---
layout: post
title: Spark Release 1.0.1
categories: []
tags: []
status: publish
type: post
published: true
meta:
_edit_last: '4'
_wpas_done_all: '1'
---
Spark 1.0.1 is a maintenance release with several stability fixes and a few new features in Spark’s SQL (alpha) library. This release is based on the [branch-1.0](https://github.com/apache/spark/tree/branch-1.0) maintenance branch of Spark. We recommend users follow the head of this branch to get the most recent stable version of Spark.
You can download Spark 1.0.1 as either a
source package
(5 MB tgz) or a prebuilt package for
Hadoop 1 / CDH3,
CDH4, or
Hadoop 2 / CDH5 / HDP2
(160 MB tgz). Release signatures and checksums are available at the official [Apache download site](http://www.apache.org/dist/spark/spark-1.0.1/).
### Fixes
Spark 1.0.1 contains stability fixes in several components. Some of the more important fixes are highlighted below.
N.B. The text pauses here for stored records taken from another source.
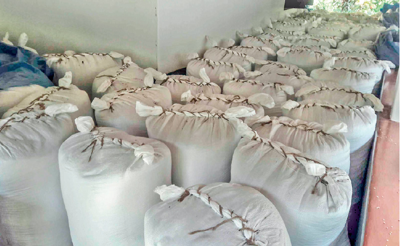 text_fieldsസംഭരണം നടക്കാത്തതിനാൽ പേരൂരിൽ വീടുകളിൽ സൂക്ഷിച്ച നെൽച്ചാക്കുകൾ
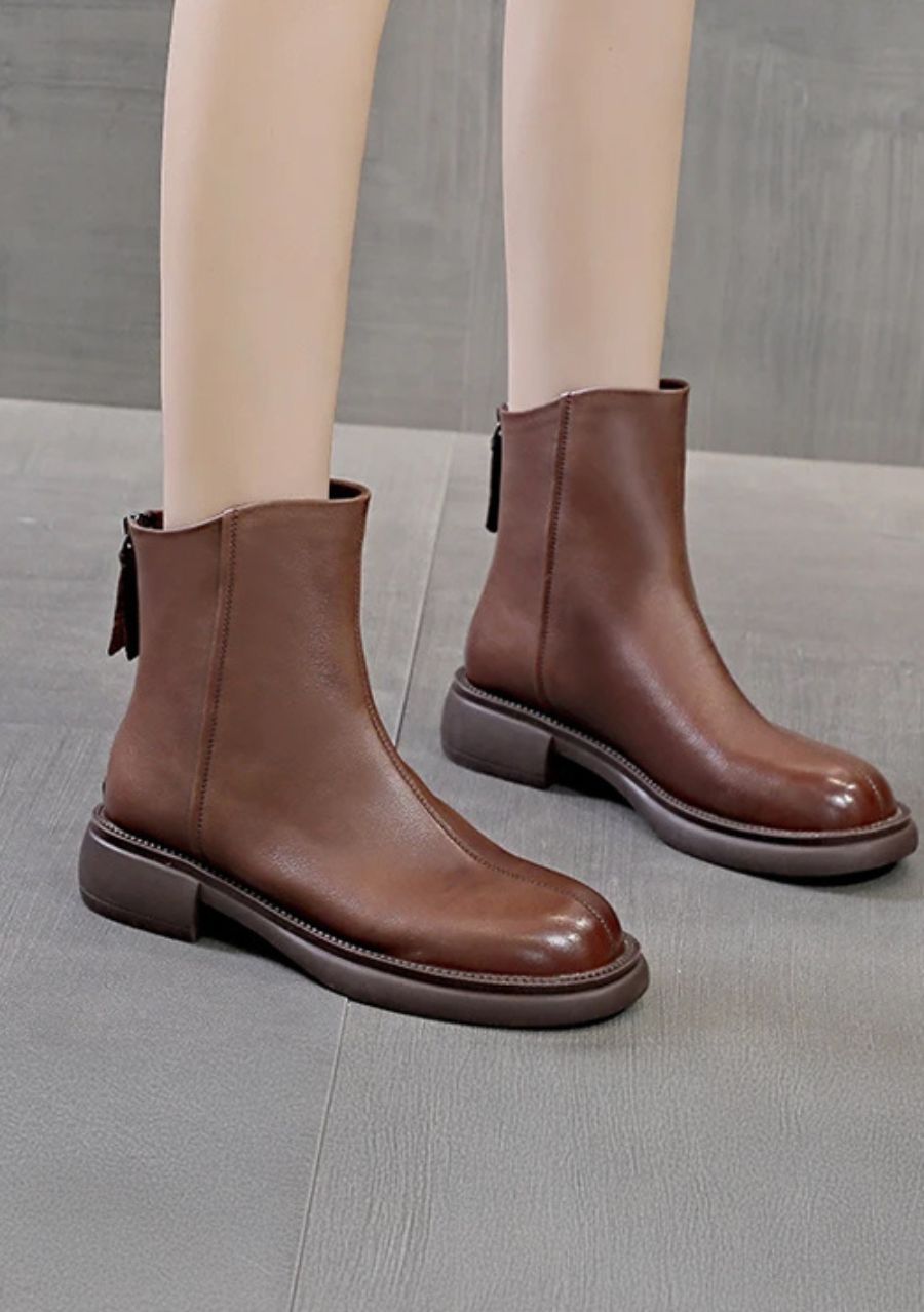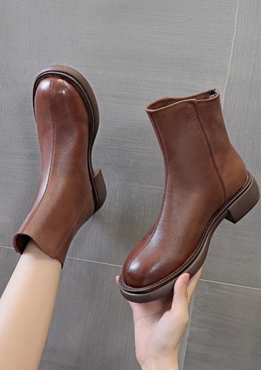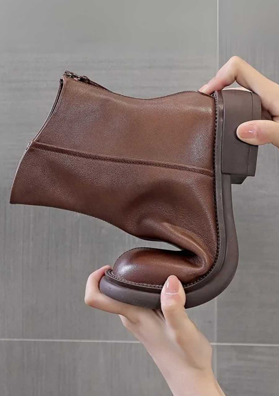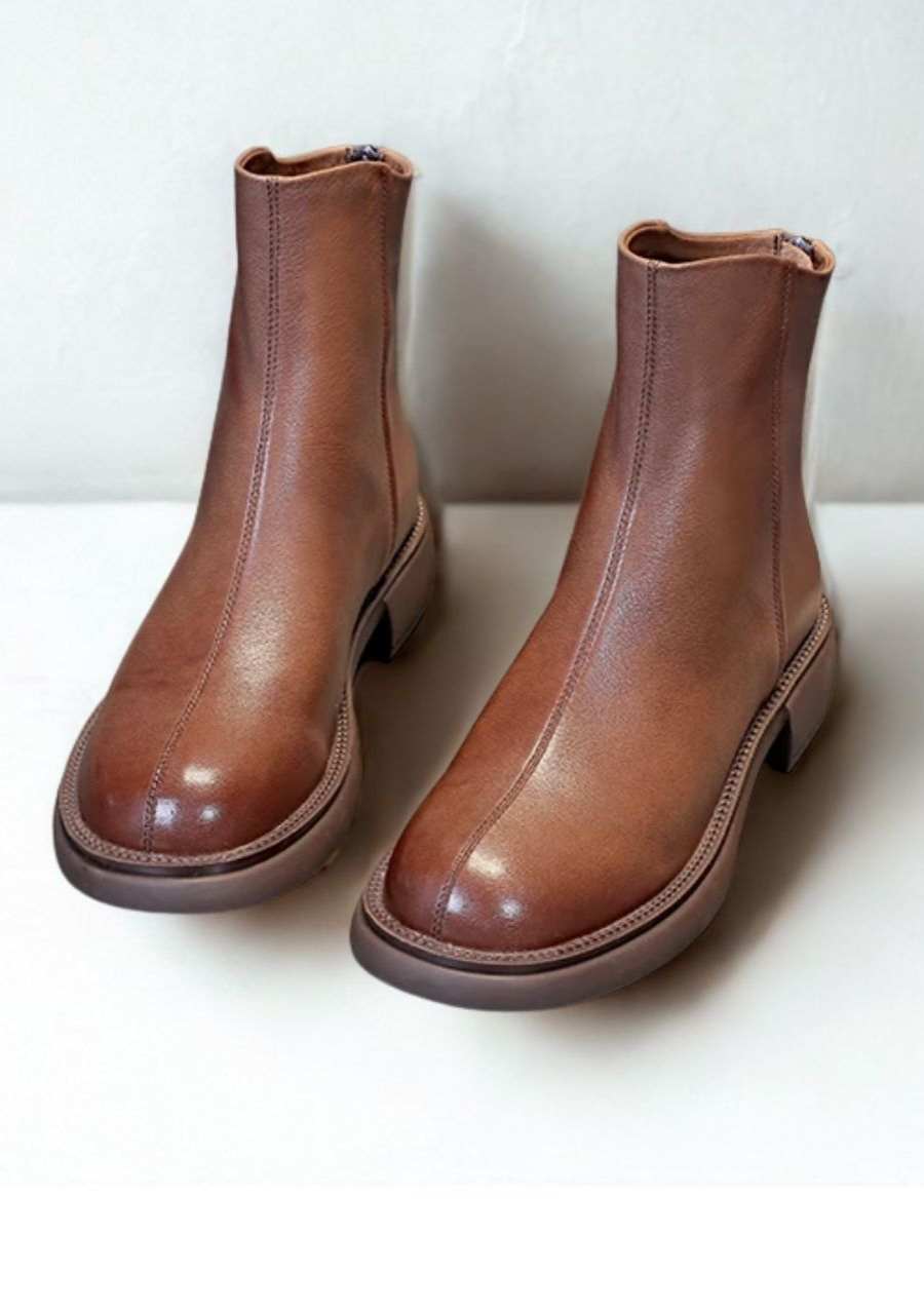 The Gaube Women's Boot in Caramel Synthetic Leather combines minimalist elegance with absolute everyday comfort. With its timeless design and 3.5 cm heel, this model offers practicality and versatility, ideal for those seeking style without compromising on well-being. It features a zipper and a durable sole that ensures stability with every step.
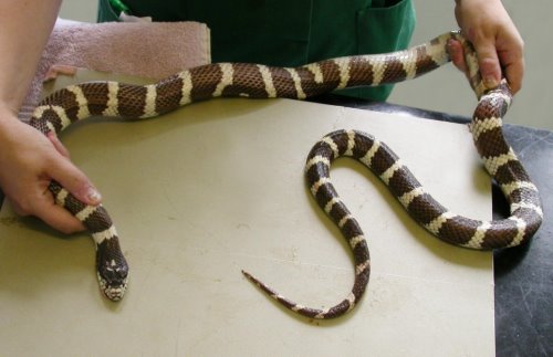 经过一番折腾,送到兽医处的“雷吉”已经筋疲力尽,雷诺兹最终成功将蛇的头部和尾巴分开。野生王蛇广泛分布于从加拿大南部到南美的广大地区,它们体长可达7英尺(2.13米),寿命最长达20年,捕食啮齿目动物、鸟类和其他蛇类等各类动物,偶尔连自己也不放过。
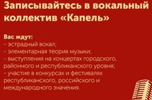 Приглашаем учащихся от 5 до 17 лет в вокальную студию "Капель". 16.11.2021
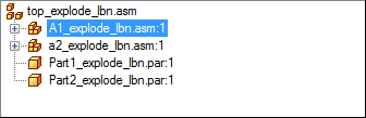 示例:假设在装配 top_explode_lbn.asm 中,您打开子装配 A1_explode_lbn.asm 的事例属性对话框,并设置用户定义 = 是,数量 = 2。

You can visit the [Spark issue tracker](http://s.apache.org/5zh) for an exhaustive list of fixes.
#### Spark Core
- Issue with missing keys during external aggregations ([SPARK-2043](https://issues.apache.org/jira/browse/SPARK-2043))
- Issue during job failures in Mesos mode ([SPARK-1749](https://issues.apache.org/jira/browse/SPARK-1749))
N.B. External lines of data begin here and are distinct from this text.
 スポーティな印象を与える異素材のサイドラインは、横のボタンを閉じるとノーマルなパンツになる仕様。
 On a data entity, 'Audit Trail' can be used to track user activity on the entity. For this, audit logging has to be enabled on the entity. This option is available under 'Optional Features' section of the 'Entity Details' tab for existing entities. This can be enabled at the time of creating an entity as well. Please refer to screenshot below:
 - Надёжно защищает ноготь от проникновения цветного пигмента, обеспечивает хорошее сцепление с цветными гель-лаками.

- Error when defining case classes in Scala shell ([SPARK-1199](https://issues.apache.org/jira/browse/SPARK-1199))
- Proper support for r3.xlarge instances on AWS ([SPARK-1790](https://issues.apache.org/jira/browse/SPARK-1790))
#### PySpark
- Issue causing crashes when large numbers of tasks finish quickly ([SPARK-2282](https://issues.apache.org/jira/browse/SPARK-2282))
- Issue importing MLlib in YARN-client mode ([SPARK-2172](https://issues.apache.org/jira/browse/SPARK-2172))
- Incorrect behavior when hashing None ([SPARK-1468](https://issues.apache.org/jira/browse/SPARK-1468))
#### MLlib
- Added compatibility for numpy 1.4 ([SPARK-2091](https://issues.apache.org/jira/browse/SPARK-2091))
- Concurrency issue in random sampler ([SPARK-2251](https://issues.apache.org/jira/browse/SPARK-2251))
- NotSerailizable exception in ALS ([SPARK-1977](https://issues.apache.org/jira/browse/SPARK-1977))
#### Streaming
- Key not found when slow receiver starts ([SPARK-2009](https://issues.apache.org/jira/browse/SPARK-2009))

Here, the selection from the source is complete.